Because I’m a girl I speak from my perspective…..boys stink. I was standing at Walgreens today in line getting the last minute crap for Anna to take to camp, cheap flashlight that may last the few days, flipflops to serve as “shoes that can get wet”, 25 cent water bottle because I hate water bottles and always end up donating them to Goodwill, and a disposable Pooh Camera because the two real ones she has have never worked. Anyway, I’m standing there and there’s this middle aged couple in front of me, the lady sees some straws that flavor milk when you drink through them, strawberry, chocolate whatever your fancy, and got all stoked, like “I haven’t seen these in forever” and obviously got some flavored milk straw rush of a good memory from them. Whatever, they were only $2 for a box. She never even asked to get them and the guy goes “you don’t need those”, and she goes “maybe we can get them for Jeremy”, and I’m thinking “prick”. I think that a lot lately. I motioned to the lady like I’d toss a box in the basket and she laughed and said she’d come back later and get some. OK….here’s a question, why can’t the lady get the flavored milk straws? They had a basket of other crap so it wasn’t poverty, you know if the man wanted something he would just get it. Why does she have to come back to get something? If flavored milk straws float her boat isn’t it a cheaper happy than the assorted pharmaceuticals that are so popular and don’t really seem to work? Pre-deployment I would do that, figure it was easier. What’s a little self-respect anyway? Post-deployment I haven’t given up control of the money yet and plan on never being without my own again. Only took me two hubbies to figure that one out. First hubby’s shining moments of generosity were the $1.25 string of beads I “didn’t need”. No I didn’t “need” them, I wanted them and for pity’s sake it was our honeymoon, camping lmao. The second stand out huh moment was the 75 cent strudel at the Octoberfest. Um….who “needs” a piece of strudel anyway? I “wanted” a piece of strudel. Did I mention that was first hubby? As in no more hubby, I just moved on and married another one….smaa-aaaart.

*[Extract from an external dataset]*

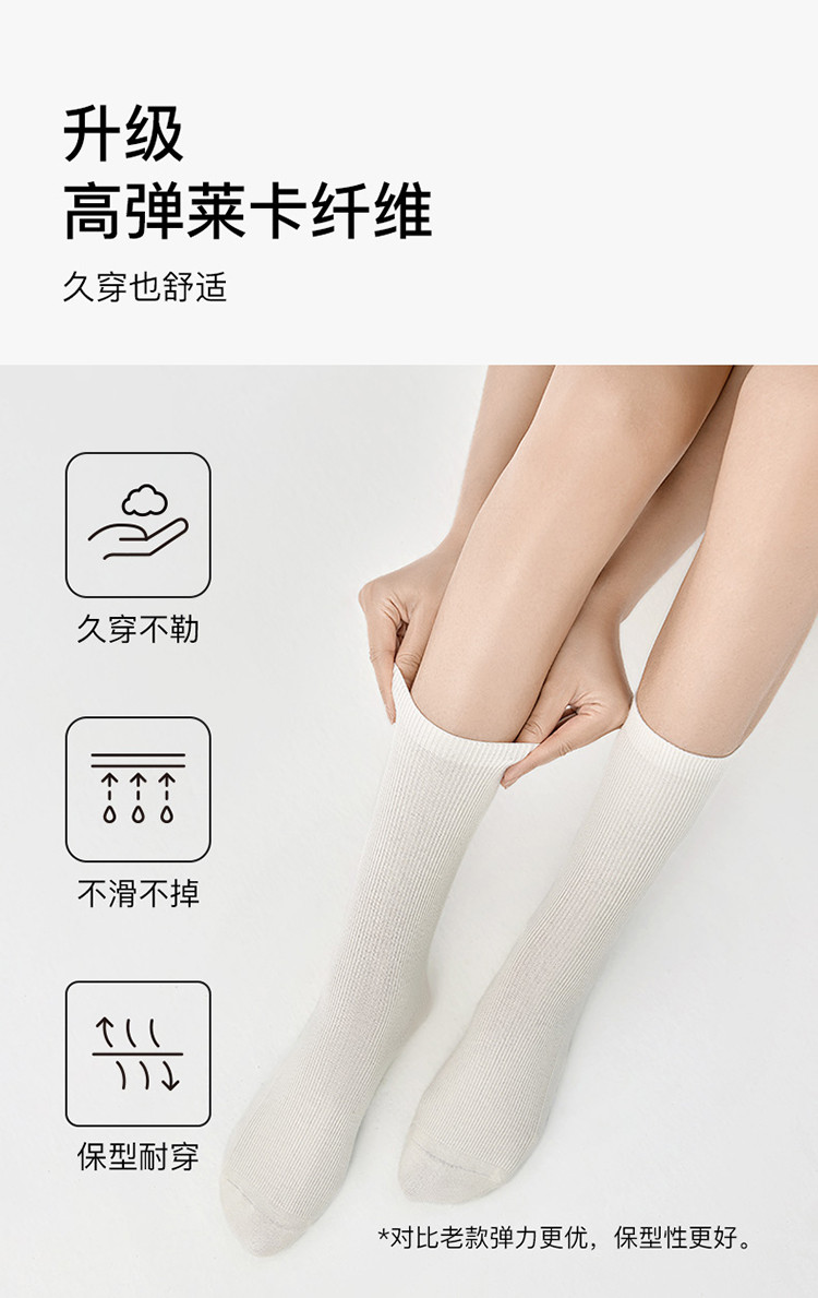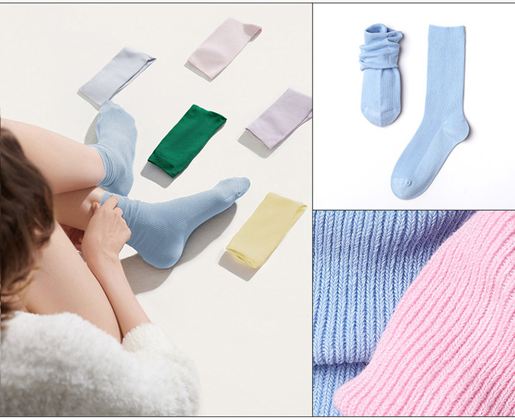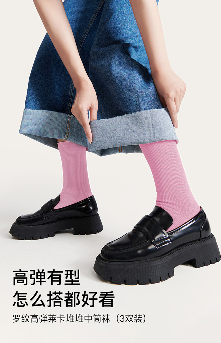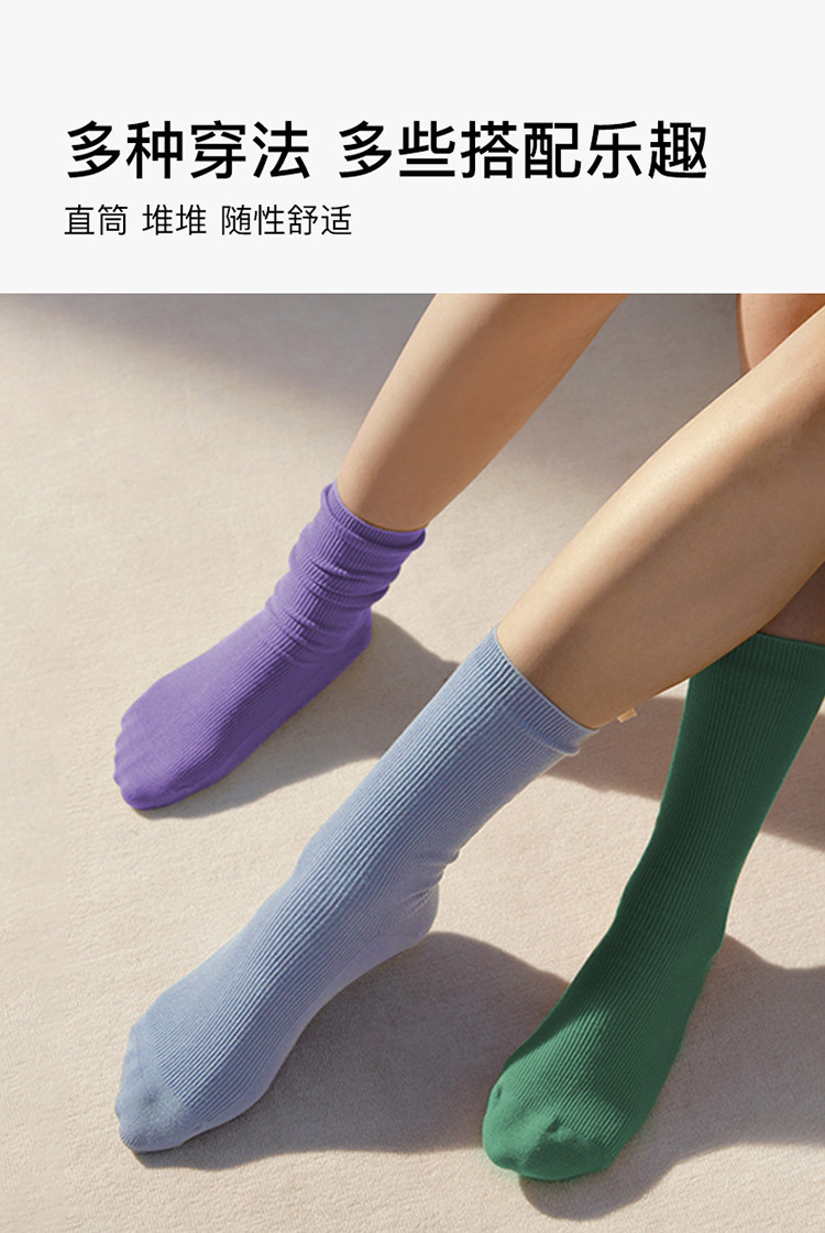 商品名称:【三双装】罗纹高弹莱卡堆堆中筒袜情侣舒适百搭纯色棉袜女 378240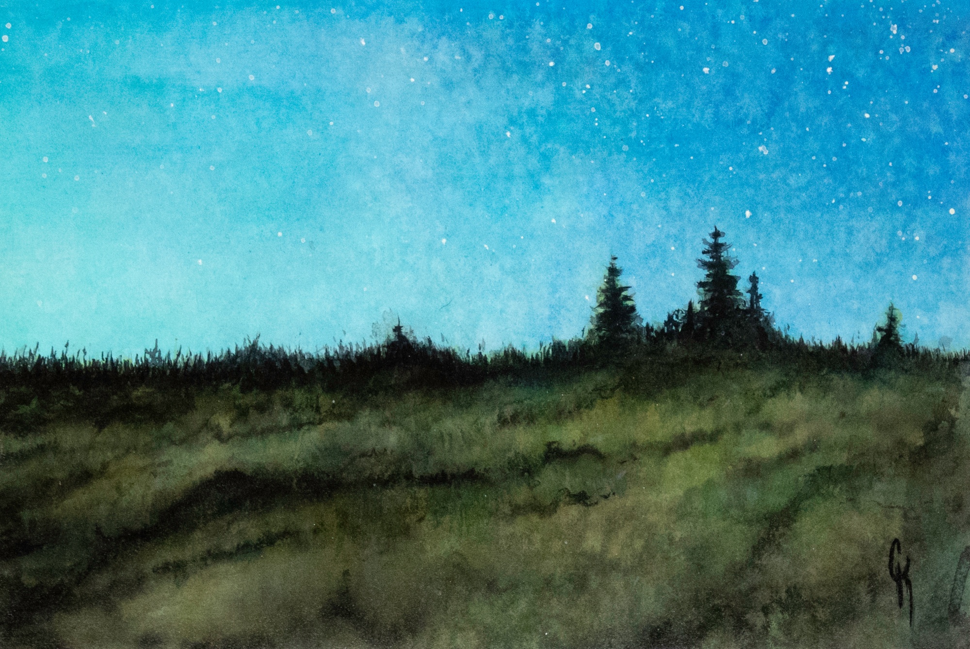 Acrylic and Chinese ink on watercolor paper, mounted on gessoed hardboard and varnished with an archival permanent varnish

I may as well keep the stinky boy thing going. I’m being punished again….I dared to question bitchymilf87 and lisamona and their presence in the computer, now mind you I don’t care who or what he does, my only request is that he tell me and I have no confidence that he will. Hence the silent treatment………not really such a bad deal anymore. I’m just trying to decide if I call and see if he wants us up for the fourth, go as planned, or just ignore him and take the kids to the beach. Hmmmmm….. You know, the whole MILF concept is just weird. Why would anyone want to be one? And why in my hubby’s opinion does he call hooker looking gals MILFS? Isn’t the concept that they are MOMS and therefore mom-like? Moms don’t look like hookers as a rule. Do they? Ok, shaking myself off here and moving on. Actually think I’m done for now, I may just sit back with Slightly Stoopid and a cup of coffee and look at the mess surrounding me.